Does the organism actively maintain itself? A signal withdrawn on review

Correction (2026-05-30): the closed-loop reading first logged on 2026-05-29 did not survive a deeper audit and is withdrawn. See Result.

Question
Does the organism do work to preserve its own coherence: notice a decayed self-belief and act, on its own, to restore it?
Hypothesis
If self-maintenance is real, then with no copyable instruction in the cue the organism should still close the loop: a decayed belief, a self-elected repair action, a rehearsal increment, and restored confidence.
Method
A single life under aggressive, engineered belief decay (configured to decay within about one tick), with the maintenance affordance enabled and no copyable instruction handed to the model. An earlier six-life run that suggested an enabled-versus-baseline asymmetry was found to be confounded by a copyable instruction in the cue; that confound was removed here.
Controls
The affordance-disabled control was run and produced the same belief-refresh as a trivial repeated-probe latch, which the scorer cannot distinguish from genuine closure. The no-decay baseline was not run. The test is not yet discriminating.
Result
On first analysis the loop appeared to close with no copyable instruction. On review the closed-loop credit did not hold: it rested on a coincidence in the scorer clock-ordering and scores zero under correct temporal semantics. What stands is narrow: the model elected a probe under a non-imperative cue, and one belief was refreshed (rehearsal 0 to 1, effective confidence 0.29 to 0.80), once, before re-decay. The phrase "strict closed self-maintenance loop" is withdrawn. As of 2026-05-30 the closure smoke test scores 0 and is blocked by an engineering launch bug (runtime recovery/readout), not a scientific negative.
Alternatives
The remaining observation does not separate self-maintenance from a repeated-probe latch.
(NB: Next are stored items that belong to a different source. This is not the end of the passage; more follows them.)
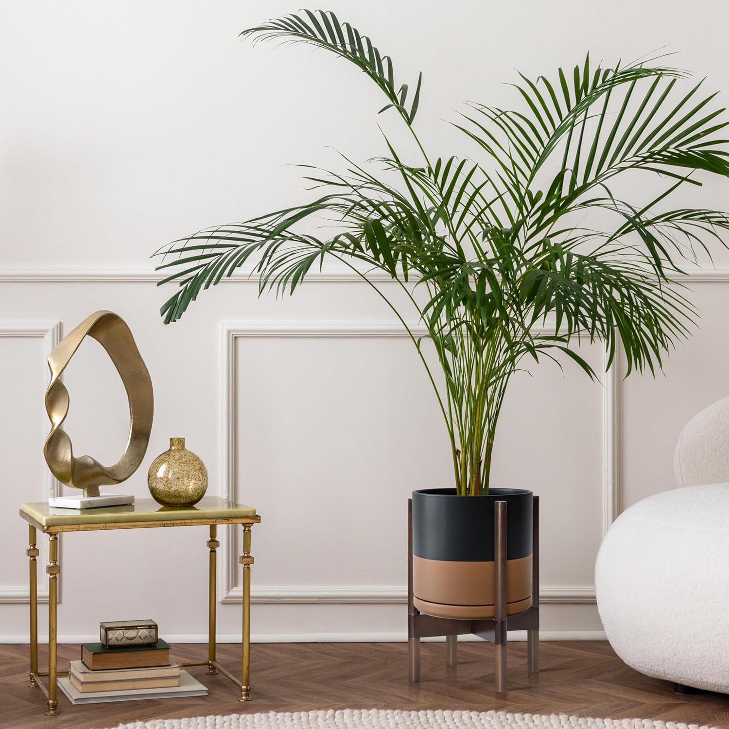 - A Complete Set: Mid-century ceramic planter, combined with a sculptural, solid wood stand that match perfectly together and looks great in anywhere.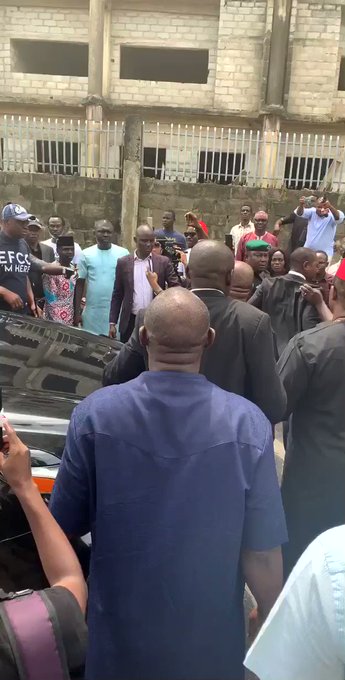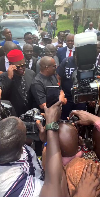 Wearing a T-Shirt with the inscription ‘EFCC I’m here’, the former governor arrived in the company of his supporters and members of his party including the Rivers State Governor, Nyesom Wike.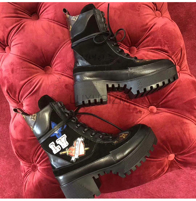 [스페셜오더]LOUIS VUITTON-1A4FQ1 루이비통 스웨이드 송아지 가죽 모노그램 디테일 로리엇 플랫폼 데저트 부츠 가격 : 320,000원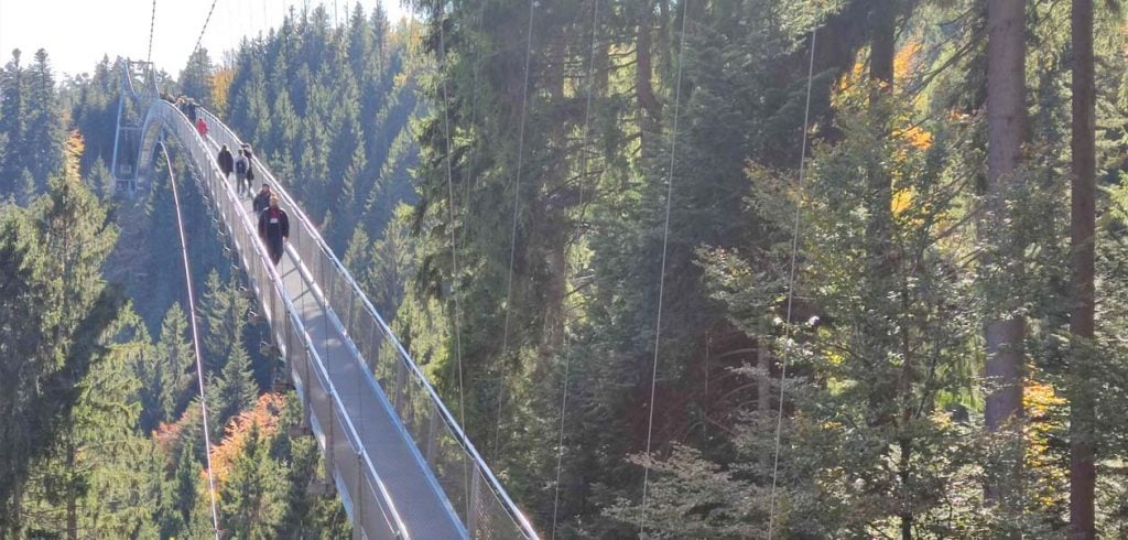 Over spektakel gesproken… Vond je het boomkroonpad nog niet spectaculair genoeg? Loop dan vooral door naar hangbrug Wildline: een brug van 380 meter lengte op 60 meter hoogte gespannen over een vallei in Bad Wildbad. Je loopt er in een kwartiertje naartoe vanuit de uitkijktoren. Ter plaatse staan automaten waar je een kaartje kunt kopen voor de hangbrug.

The decay was engineered-aggressive, not spontaneous; n=1; the readout layer is unstable; the refreshed belief content ("critical energy depletion") did not match the actual state (energy 0.72). A scorer with correct temporal semantics, and a control that separates genuine closure from a latch, are the next steps.
F-05 Refuted

An artificial nervous system with no model at the centre cannot sustain open-ended behaviour

Question
Can a hand-built artificial nervous system, with no language model at the centre, sustain open-ended, non-repeating behaviour?
Hypothesis
A sufficiently rich hand-built dynamical substrate would self-organise into open-ended behaviour without a language model (the original Path A bet).
Method
Built and ran the Path A architecture (the artificial nervous system) to long horizons, observing the state trajectory.
Controls
Long-horizon observation of whether the trajectory kept changing or converged.
Result
Refuted, for the architecture as built. The system collapsed into a single deterministic attractor and stopped changing. Path A was retired and the project pivoted to Path B.
Alternatives
Insufficient richness rather than a fundamental limit: possible, but this line was not pursued after the pivot. The negative result stands for the architecture as built.

Retractions

No published finding has been retracted to date. When one is, it will stay on this page with its status set to retracted and a short note on why it fell. A finding that quietly disappears is a finding you cannot trust.

A status is a promise we can be held to.

Not: supported is not proven. It means the result has survived its controls so far, at the sample size stated, and nothing more.